DESCRIPTION OF THE TASK: Reproduce the records below exactly from their first line through the line containing "광명(0.26%), 성남 분당구(0.20%), 부천(0.12%), 성남", omitting all pictures.

MATERIALS PROVIDED:

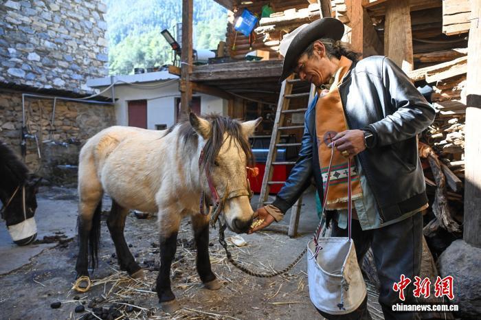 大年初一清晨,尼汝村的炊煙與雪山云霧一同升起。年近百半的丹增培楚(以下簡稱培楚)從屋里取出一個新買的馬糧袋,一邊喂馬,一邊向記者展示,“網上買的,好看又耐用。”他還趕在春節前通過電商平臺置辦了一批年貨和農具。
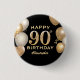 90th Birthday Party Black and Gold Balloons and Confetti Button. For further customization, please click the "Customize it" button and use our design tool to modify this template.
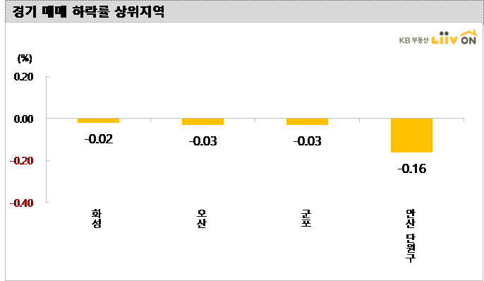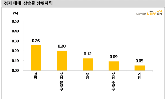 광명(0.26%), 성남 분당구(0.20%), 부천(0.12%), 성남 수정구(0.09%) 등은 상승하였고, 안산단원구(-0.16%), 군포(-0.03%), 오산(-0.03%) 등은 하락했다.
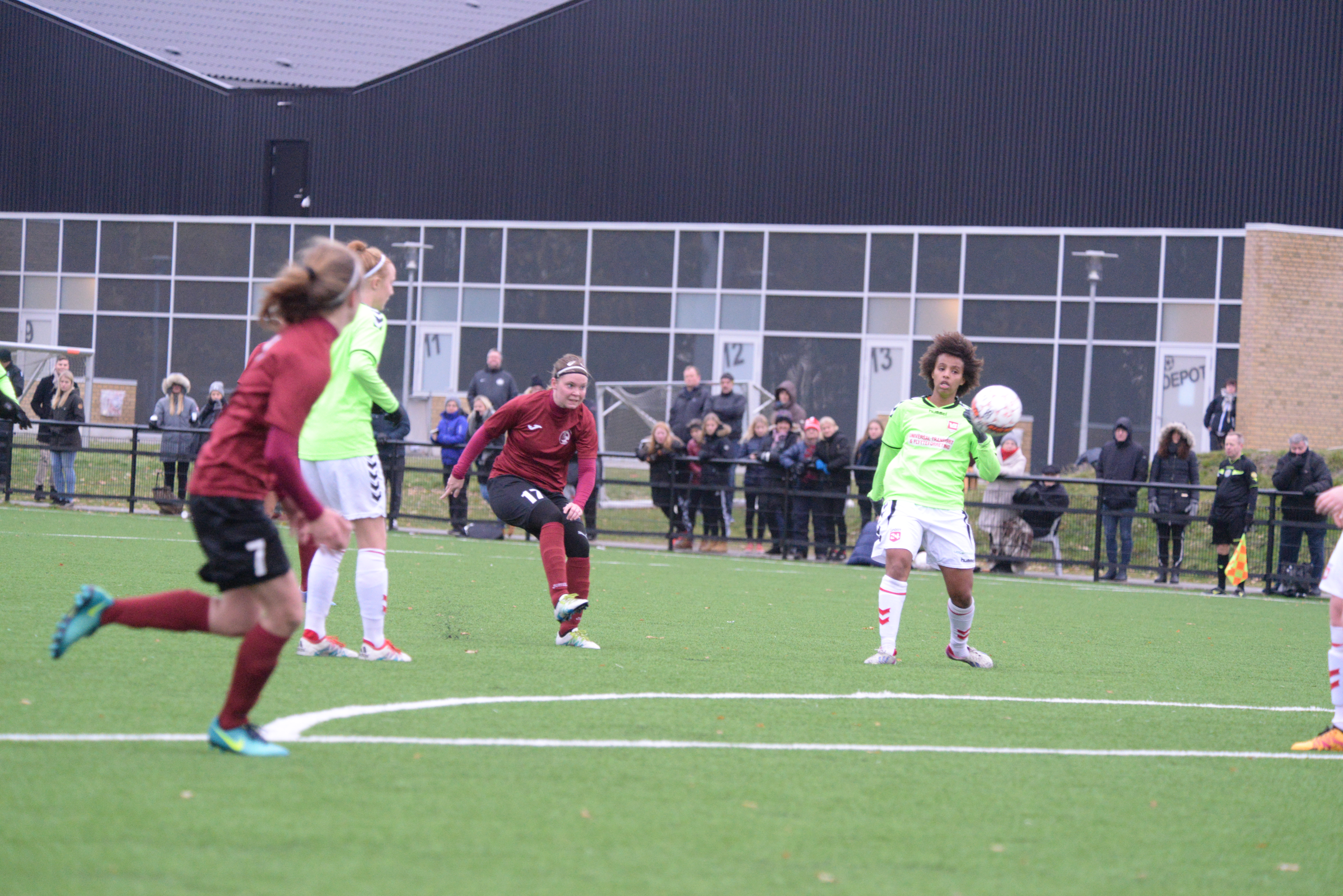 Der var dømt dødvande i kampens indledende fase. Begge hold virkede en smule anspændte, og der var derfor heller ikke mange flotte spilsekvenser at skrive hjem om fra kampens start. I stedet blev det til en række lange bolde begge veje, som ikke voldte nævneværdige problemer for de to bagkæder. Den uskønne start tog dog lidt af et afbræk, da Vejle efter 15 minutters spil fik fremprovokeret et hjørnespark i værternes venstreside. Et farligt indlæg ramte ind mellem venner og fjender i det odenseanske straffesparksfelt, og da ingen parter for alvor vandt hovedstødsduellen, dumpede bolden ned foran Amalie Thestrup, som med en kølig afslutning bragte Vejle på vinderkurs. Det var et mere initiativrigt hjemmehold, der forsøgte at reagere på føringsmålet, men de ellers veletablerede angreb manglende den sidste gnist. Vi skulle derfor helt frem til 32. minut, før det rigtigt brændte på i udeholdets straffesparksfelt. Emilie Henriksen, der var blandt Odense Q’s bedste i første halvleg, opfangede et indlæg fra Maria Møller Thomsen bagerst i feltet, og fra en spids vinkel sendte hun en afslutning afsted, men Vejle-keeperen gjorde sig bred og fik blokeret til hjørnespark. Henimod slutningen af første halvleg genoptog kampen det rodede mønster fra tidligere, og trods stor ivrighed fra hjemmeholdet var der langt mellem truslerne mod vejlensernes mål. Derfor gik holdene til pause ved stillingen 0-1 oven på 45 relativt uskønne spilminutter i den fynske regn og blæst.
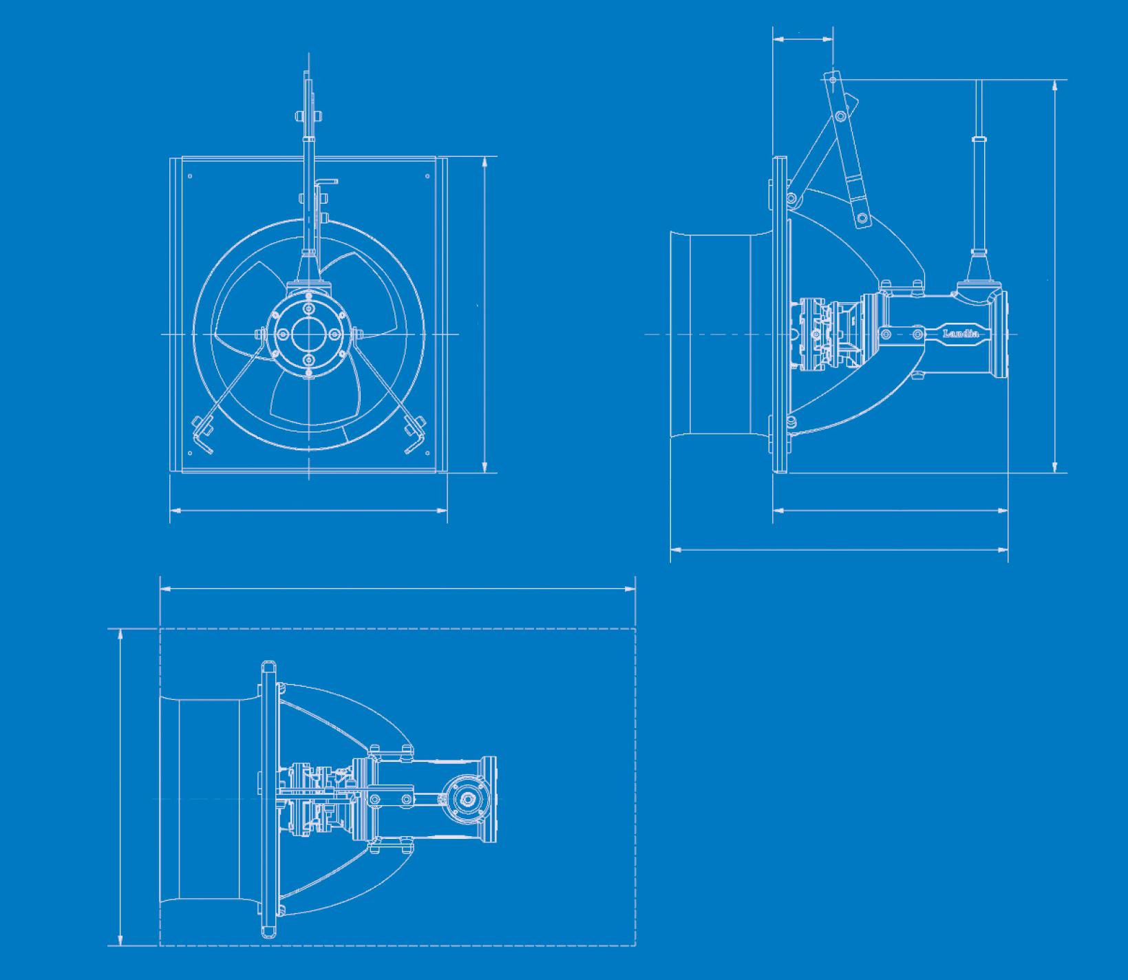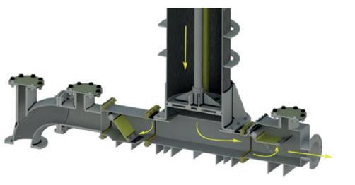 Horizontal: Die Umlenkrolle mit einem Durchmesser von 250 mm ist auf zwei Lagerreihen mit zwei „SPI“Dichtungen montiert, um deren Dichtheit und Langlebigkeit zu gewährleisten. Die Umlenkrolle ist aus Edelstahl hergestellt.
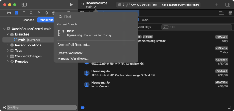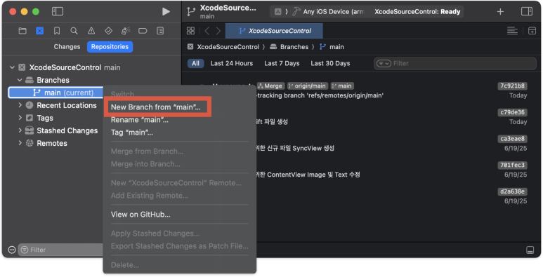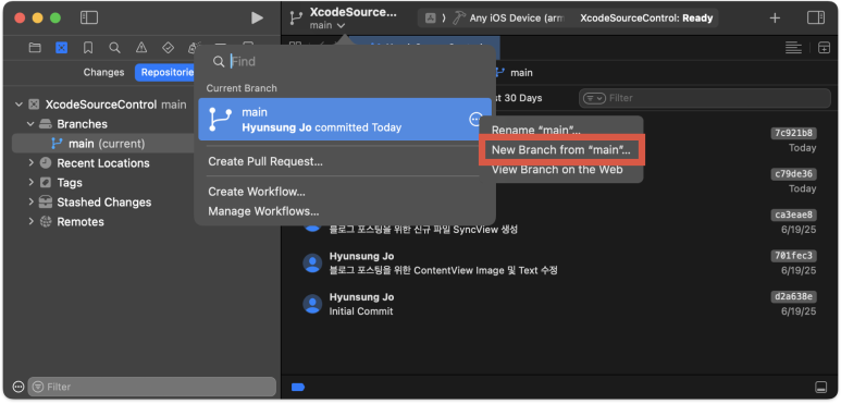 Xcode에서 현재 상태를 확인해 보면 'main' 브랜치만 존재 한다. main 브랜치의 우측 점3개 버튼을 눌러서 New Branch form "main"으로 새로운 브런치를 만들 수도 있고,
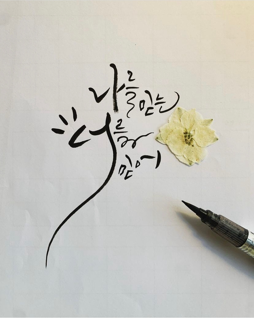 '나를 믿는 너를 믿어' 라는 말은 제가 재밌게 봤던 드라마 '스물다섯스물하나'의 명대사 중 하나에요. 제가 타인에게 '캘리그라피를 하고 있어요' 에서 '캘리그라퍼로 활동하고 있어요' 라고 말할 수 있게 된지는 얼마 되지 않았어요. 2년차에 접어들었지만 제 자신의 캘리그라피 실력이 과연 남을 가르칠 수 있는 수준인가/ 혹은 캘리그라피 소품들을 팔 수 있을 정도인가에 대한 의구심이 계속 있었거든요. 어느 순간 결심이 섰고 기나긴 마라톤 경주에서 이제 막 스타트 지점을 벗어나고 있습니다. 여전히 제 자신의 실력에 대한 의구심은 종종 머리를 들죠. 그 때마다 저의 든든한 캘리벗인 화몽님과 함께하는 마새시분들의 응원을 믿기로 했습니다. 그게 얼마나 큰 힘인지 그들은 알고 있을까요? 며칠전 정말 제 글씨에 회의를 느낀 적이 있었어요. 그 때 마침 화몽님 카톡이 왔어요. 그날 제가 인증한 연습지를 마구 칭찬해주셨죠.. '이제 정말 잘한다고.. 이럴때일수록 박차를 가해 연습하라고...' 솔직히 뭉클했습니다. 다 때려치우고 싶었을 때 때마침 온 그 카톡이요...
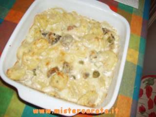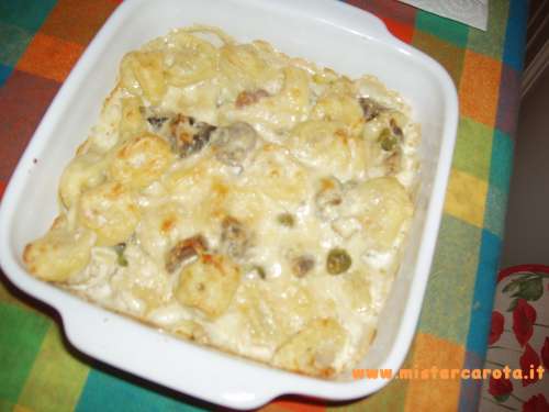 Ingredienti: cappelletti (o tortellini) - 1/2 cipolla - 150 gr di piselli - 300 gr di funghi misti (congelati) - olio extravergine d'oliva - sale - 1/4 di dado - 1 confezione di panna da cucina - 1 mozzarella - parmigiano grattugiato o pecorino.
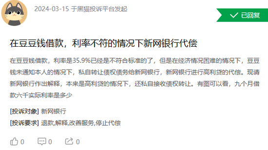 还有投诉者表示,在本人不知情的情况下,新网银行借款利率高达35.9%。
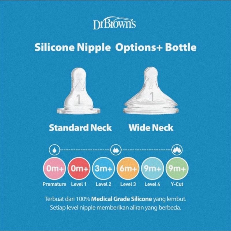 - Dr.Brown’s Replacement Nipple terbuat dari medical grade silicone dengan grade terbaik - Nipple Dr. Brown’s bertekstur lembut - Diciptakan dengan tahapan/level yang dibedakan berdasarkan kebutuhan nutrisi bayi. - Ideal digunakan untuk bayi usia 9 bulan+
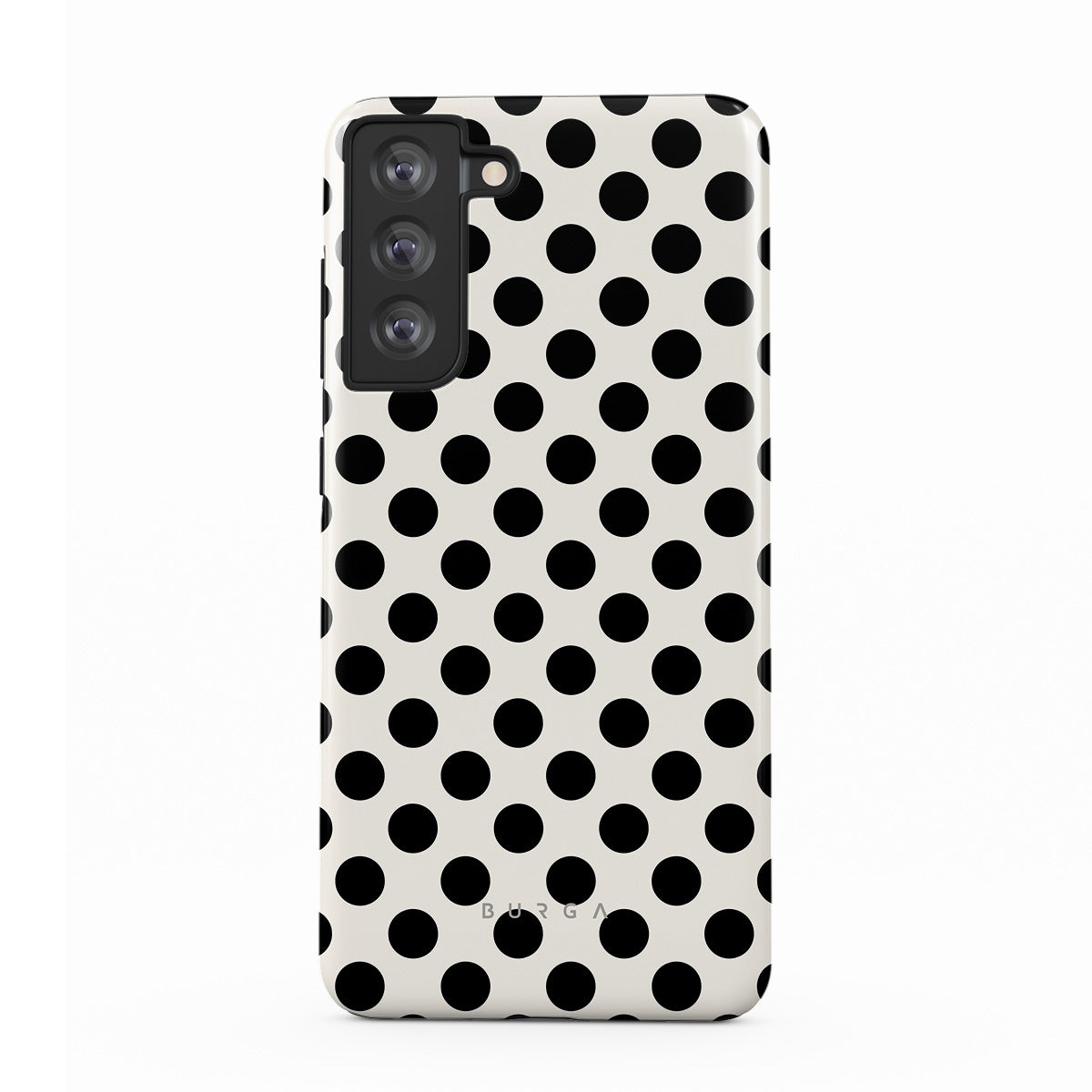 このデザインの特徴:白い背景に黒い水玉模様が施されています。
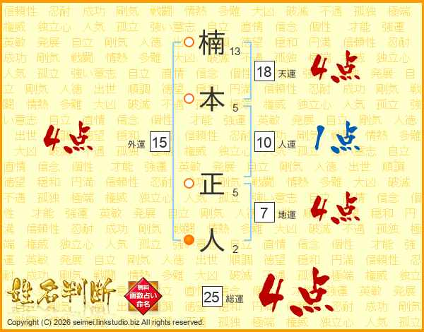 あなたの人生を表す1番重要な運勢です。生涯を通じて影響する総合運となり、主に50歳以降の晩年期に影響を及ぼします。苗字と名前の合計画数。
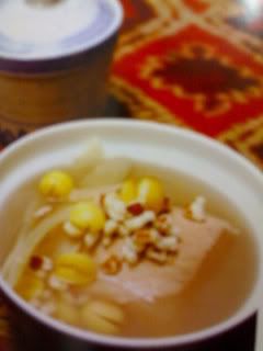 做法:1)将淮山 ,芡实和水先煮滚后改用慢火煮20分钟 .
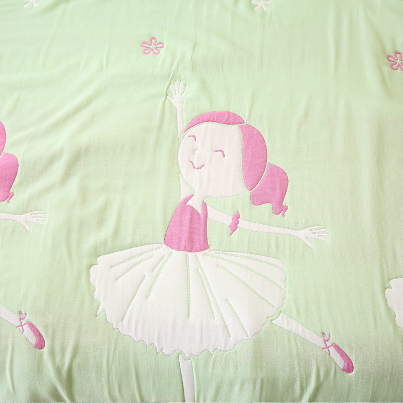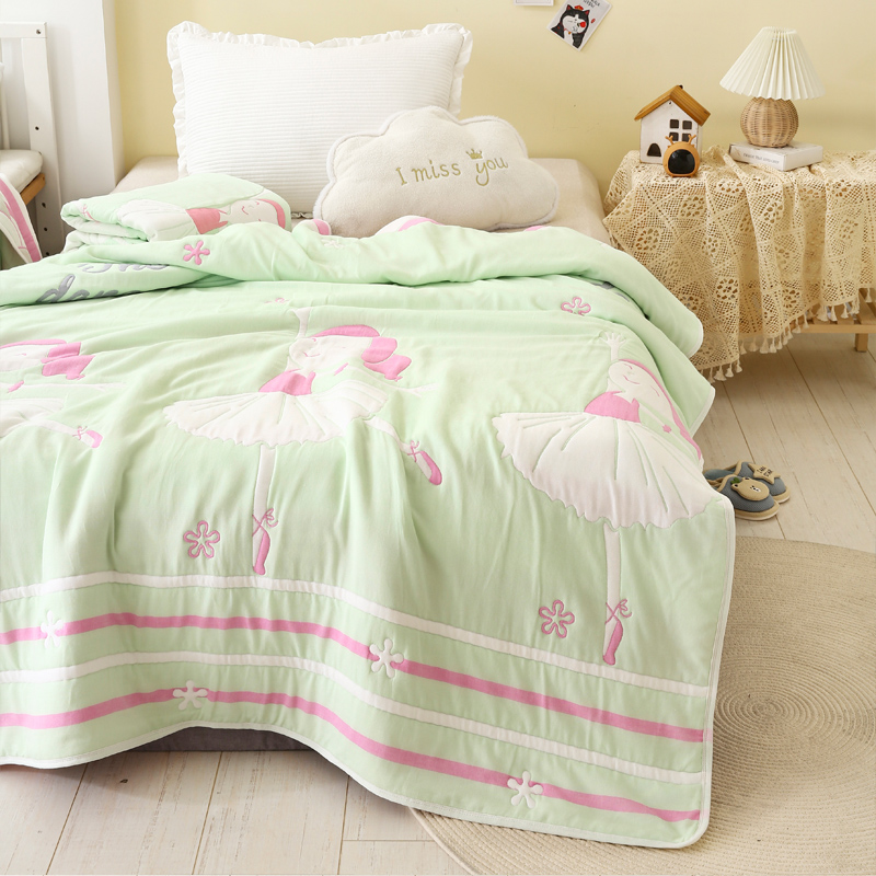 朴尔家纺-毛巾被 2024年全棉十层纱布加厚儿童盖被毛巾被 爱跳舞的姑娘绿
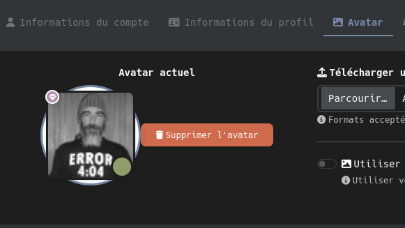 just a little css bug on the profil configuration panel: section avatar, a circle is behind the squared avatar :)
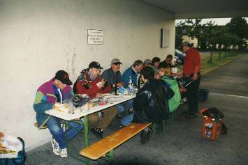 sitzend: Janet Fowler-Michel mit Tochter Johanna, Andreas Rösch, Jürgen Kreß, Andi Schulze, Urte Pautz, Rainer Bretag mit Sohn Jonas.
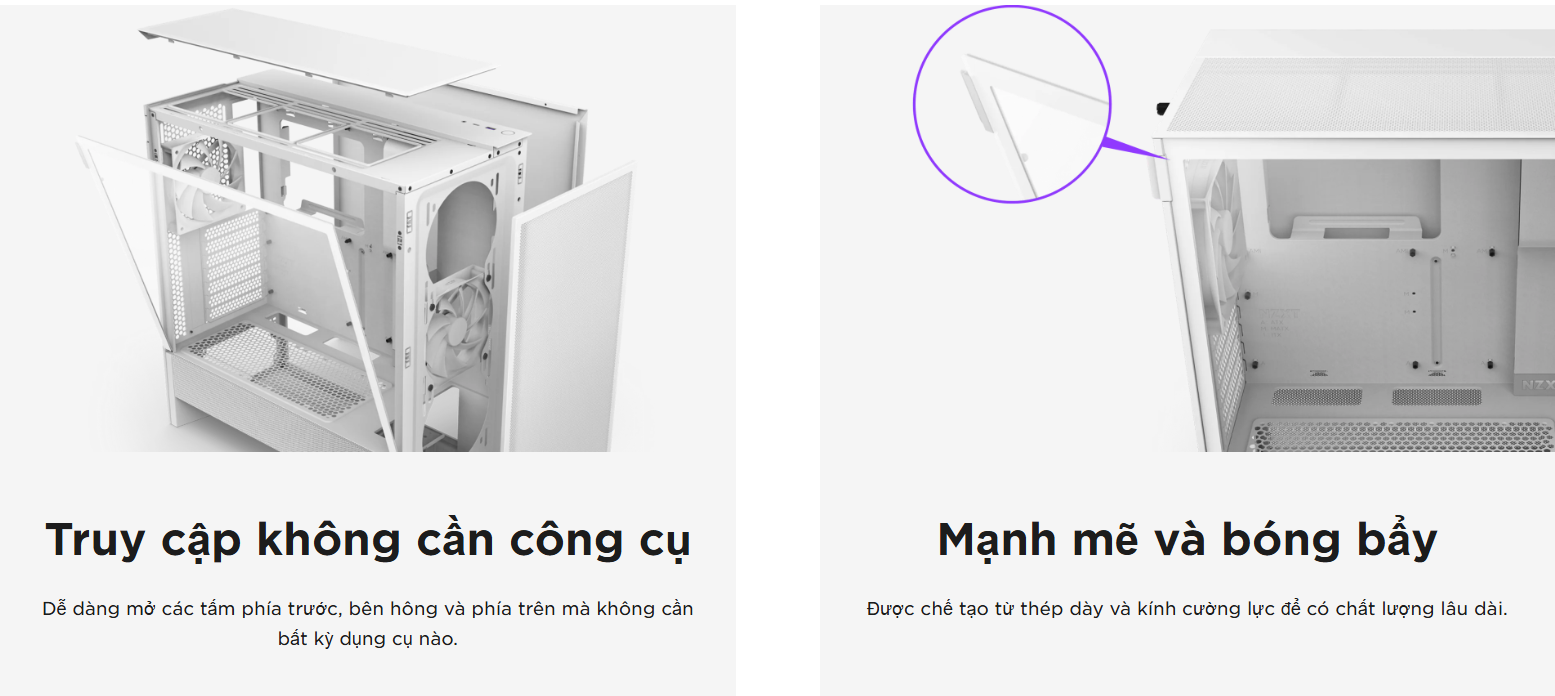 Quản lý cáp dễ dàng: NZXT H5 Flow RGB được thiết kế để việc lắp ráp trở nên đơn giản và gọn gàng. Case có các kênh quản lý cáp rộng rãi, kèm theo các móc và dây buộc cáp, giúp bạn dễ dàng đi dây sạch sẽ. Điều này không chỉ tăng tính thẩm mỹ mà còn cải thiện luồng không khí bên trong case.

ANSWER SPACE:
 大年初一清晨,尼汝村的炊煙與雪山云霧一同升起。年近百半的丹增培楚(以下簡稱培楚)從屋里取出一個新買的馬糧袋,一邊喂馬,一邊向記者展示,“網上買的,好看又耐用。”他還趕在春節前通過電商平臺置辦了一批年貨和農具。
 90th Birthday Party Black and Gold Balloons and Confetti Button. For further customization, please click the "Customize it" button and use our design tool to modify this template.
 광명(0.26%), 성남 분당구(0.20%), 부천(0.12%), 성남 수정구(0.09%) 등은 상승하였고, 안산단원구(-0.16%), 군포(-0.03%), 오산(-0.03%) 등은 하락했다.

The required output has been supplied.